The qualitative detection of human chorionic gonadotropin (hCG) in urine or serum for the early determination of pregnancy in physician's office and clinical laboratories.
The intended use of the Genzyme Diagnostics Contrast® Strip hCG is the early determination of pregnancy by the qualitative detection of human chorionic gonadotropin (hCG) in human serum or urine. Our intent is to market this product for laboratory and professional use.

Rapid membrane based immunoassay for the qualitative detection of hCG using mouse monoclonal anti-hCG and sheep anti-alpha hCG polyclonal antibodies.

Here's an analysis of the provided text regarding the acceptance criteria and study for the Genzyme Diagnostics Contrast® Strip hCG:

1. Table of Acceptance Criteria and Reported Device Performance

The acceptance criteria are not explicitly stated in numerical terms (e.g., "sensitivity must be >95%"). Instead, the study's primary objective was to demonstrate 100% agreement with an existing legally marketed device (the Rapid hCG™ Urine/Serum Test). The device also aimed to reproducibly detect hCG at specific concentration levels.

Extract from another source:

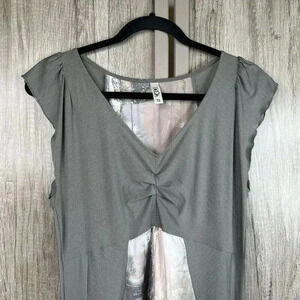 Deca Dress Sz 2 Art To Wear Gray Cap Sleeve V Neck

2. Sample Size Used for the Test Set and Data Provenance

• Test Set Sample Size:
  • Urine: 209 samples
  • Serum: 177 samples
  • Reproducibility/Sensitivity Panel: Not explicitly stated, but handled by eight individuals and included urine and serum samples with defined hCG levels.
• Data Provenance:
  • Country of Origin: Not specified, but the study was conducted in "four physician's offices/clinics (POL)" and "three POLs," implying a local (likely US, given the 510(k) context) setting.
  • Retrospective or Prospective: The study appears prospective, as specimens were tested in participating physician's offices from "female patients seeking confirmation of pregnancy, those who were confirmed pregnant, post-menopausal women and assumed negatives" and for "confirmation of pregnancy or non-pregnancy status prior to treatment."

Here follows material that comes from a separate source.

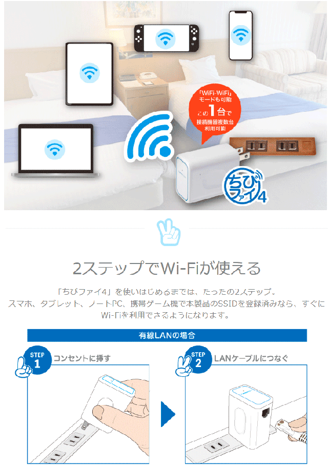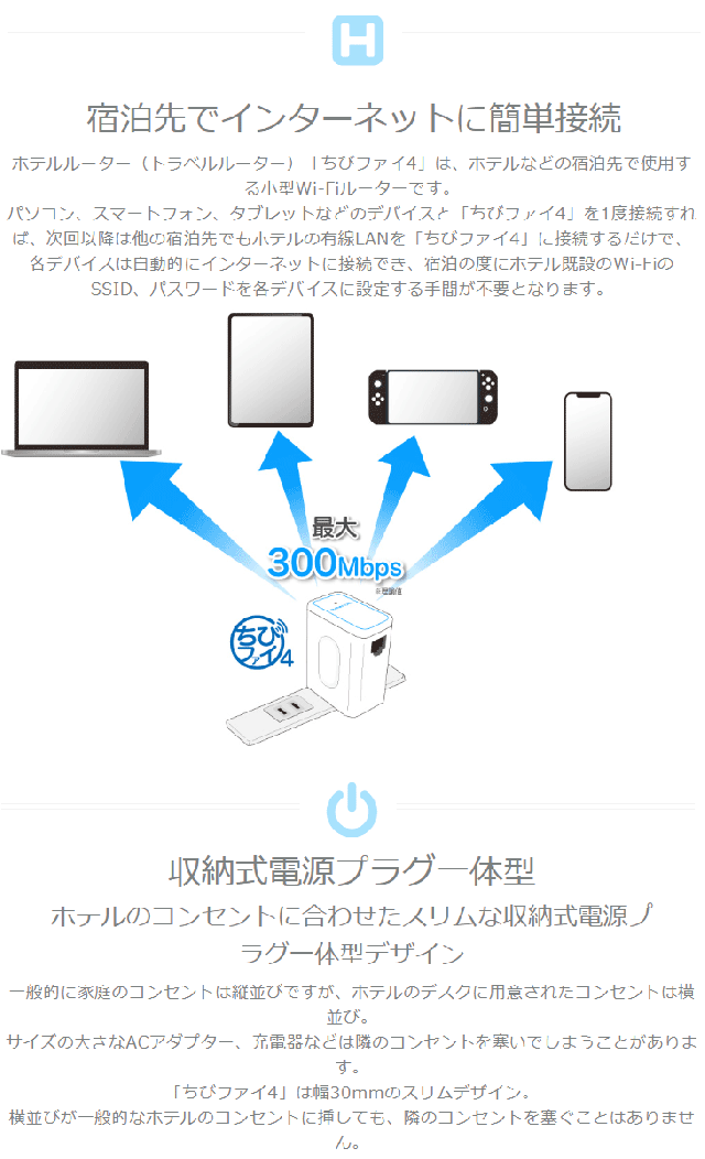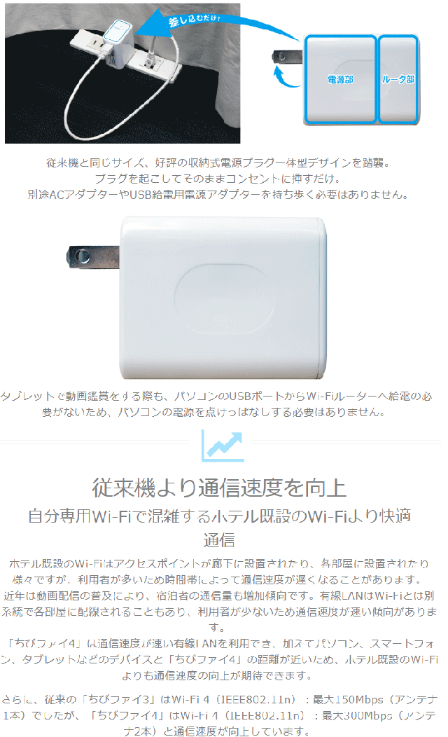 | ホテルでWiFi コンセント直挿型 無線LANルーター ホテル用 11n/g/b 300Mbps ちびファイ4 MZK-DP300N スペック情報 | |

3. Number of Experts Used to Establish the Ground Truth for the Test Set and Qualifications of Those Experts

The ground truth was established by comparing the Contrast® Strip hCG to the legally marketed and cleared Rapid hCG™ Urine/Serum Test. Therefore, the "experts" in this context are the original studies and validations performed for the Rapid hCG™ Urine/Serum Test, which is considered the reference standard here. The document does not specify the number or qualifications of experts involved in the original establishment of the Rapid hCG™ Urine/Serum Test's accuracy.

For the reproducibility and sensitivity panel, eight individuals with various levels of training tested the blind panel. Their specific qualifications (e.g., clinical laboratory scientists, nurses, physicians) are not detailed beyond "various levels of training."

4. Adjudication Method for the Test Set

There was no explicit "adjudication method" in the sense of multiple human readers independently assessing the results and then resolving discrepancies. The study's design was a direct comparison of the new device's results against those of the predicate device for each sample. The predicate device's result served as the "truth" for comparison. For the reproducibility panel, the expected hCG levels (known concentration) served as the ground truth.

5. If a Multi-Reader Multi-Case (MRMC) Comparative Effectiveness Study Was Done

No, a traditional MRMC comparative effectiveness study was not explicitly described. The study focused on agreement with a predicate device and reproducible detection of known concentrations, not on measuring human reader improvement with or without AI assistance, as AI was not involved in this device.

6. If a Standalone (i.e., algorithm only without human-in-the-loop performance) Was Done

This question is not applicable. The device is a diagnostic test kit (an immunoassay strip), not an algorithm or AI. Its performance is inherent to the chemical reactions and visual interpretation, which is then performed by a human user without an AI component. The "standalone" performance is essentially what was evaluated through its agreement with the predicate device and its ability to detect known hCG concentrations.

7. The Type of Ground Truth Used

The primary ground truth for the clinical comparison was the results obtained from a legally marketed and predicate device (Rapid hCG™ Urine/Serum Test).

For the reproducibility and sensitivity claims, the ground truth was based on known concentrations of hCG in prepared panels.

8. The Sample Size for the Training Set

The concept of a "training set" is not applicable here as this is a traditional diagnostic assay, not a machine learning model. There was no algorithm trained on data. The device's performance is determined by its inherent chemical and biological design.

9. How the Ground Truth for the Training Set Was Established

As there was no training set for a machine learning model, this question is not applicable. The ground truth for the study (test set) was established as described in section 7.